PGIM Investments has introduced three innovative strategies to expand its suite of defined outcome ETFs.
The new offerings include the PGIM S&P 500 Max Buffer ETF series, the PGIM Nasdaq-100 Buffer 12 ETF series, and the PGIM Laddered Nasdaq-100 Buffer 12 ETF (PBQQ US).
These ETFs are sub-advised by PGIM Quantitative Solutions, PGIM’s quantitative equity and multi-asset investment specialist.
Each fund features a competitive expense ratio of 0.50%, positioning them among the most cost-effective buffer ETFs currently available.
Defined outcome investing is a strategy that tailors the risk-return profile of an asset or index to specific protection and return levels over a defined period, delivering a more controlled investment experience.
These ETFs achieve their defined outcome objectives by utilizing Flexible Exchange (FLEX) Options, which are customizable, exchange-traded contracts guaranteed for settlement by the Options Clearing Corporation.
The strategy typically provides downside protection in exchange for capping potential upside returns. These caps are set at the start of the outcome period based on prevailing market conditions. At the end of the outcome period, the ETFs do not expire but rebalance and reset, offering new buffers and upside caps for subsequent periods, again determined by market conditions.

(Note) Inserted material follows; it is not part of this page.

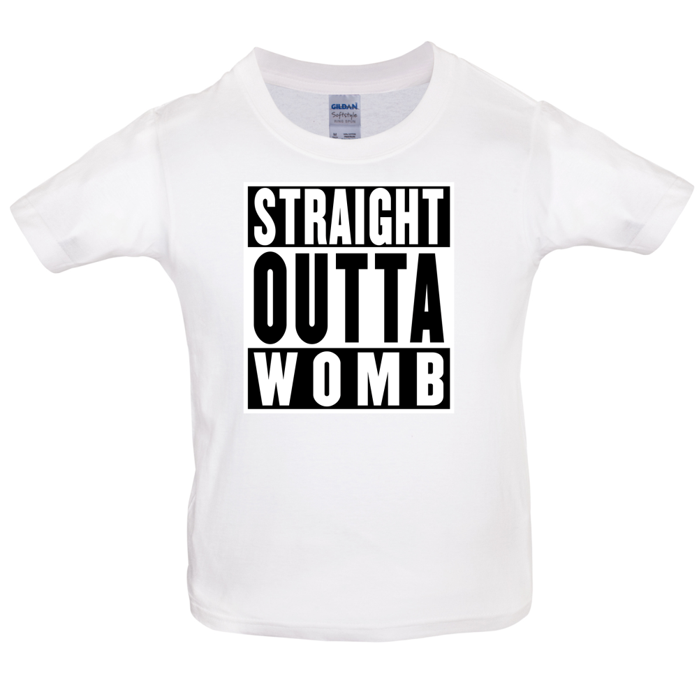 Kids T-shirt: Our Kid's Unisex style Straight Outta Womb T-shirt is printed on our 150 GSM ringspun cotton garment and is available on 8 different colours.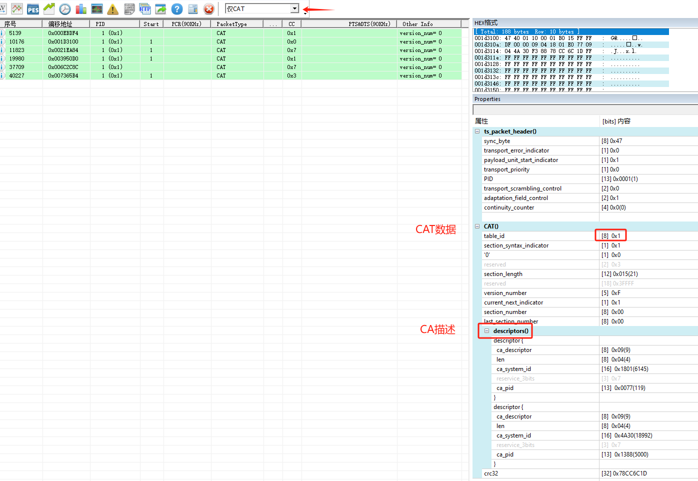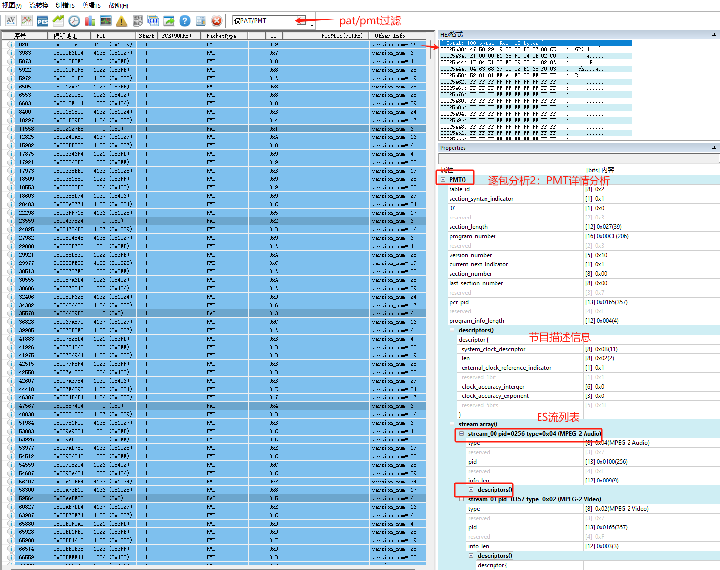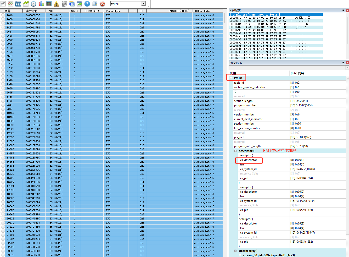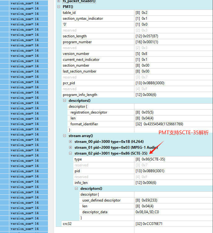 3.PSI/SI附加信息:PAT/PMT/SDT/BAT等section 版本号,关注观察版本变化

The PGIM S&P 500 Max Buffer ETF series aims to replicate the returns of the SPDR S&P 500 ETF Trust over a one-year outcome period while maximizing downside protection against losses and maintaining an upside cap of no less than 3%. This series will include 12 ETFs, each listed monthly on the Cboe BZX Exchange.
The PGIM Nasdaq-100 Buffer 12 ETF series is designed to track the Invesco QQQ Trust over a one-year outcome period while providing a 12% downside buffer (before fees and expenses) against losses in QQQ. This series consists of four ETFs listed quarterly on the Nasdaq.
The PGIM Laddered Nasdaq-100 Buffer 12 ETF (PBQQ US) offers a diversified approach by equally allocating assets across the four quarterly Nasdaq-100 Buffer 12 ETFs. This structure reduces timing risk, enabling investors to enter at any point during the year while benefiting from staggered outcome periods.
Stuart Parker, President and CEO of PGIM Investments, highlighted the growing demand for defined outcome solutions, stating, “Investors are increasingly looking for strategies that provide upside market exposure with downside protection. The expansion of our buffered ETF suite solidifies our position as a market leader, delivering comprehensive solutions aligned with investor needs.”
While defined outcome ETFs offer compelling features, investors should be aware of two key dynamics. Due to the time value of options, these ETFs may exhibit lower beta than traditional index-tracking ETFs, potentially underperforming their reference asset in rising markets. Additionally, the protection and caps are specific to the outcome period. Investors who enter mid-period may be exposed to downside risk if the reference asset has appreciated since the outcome period’s start. PGIM addresses these concerns through full daily disclosures, providing transparency on metrics such as remaining cap and buffer levels, downside protection thresholds, and days left in the outcome period.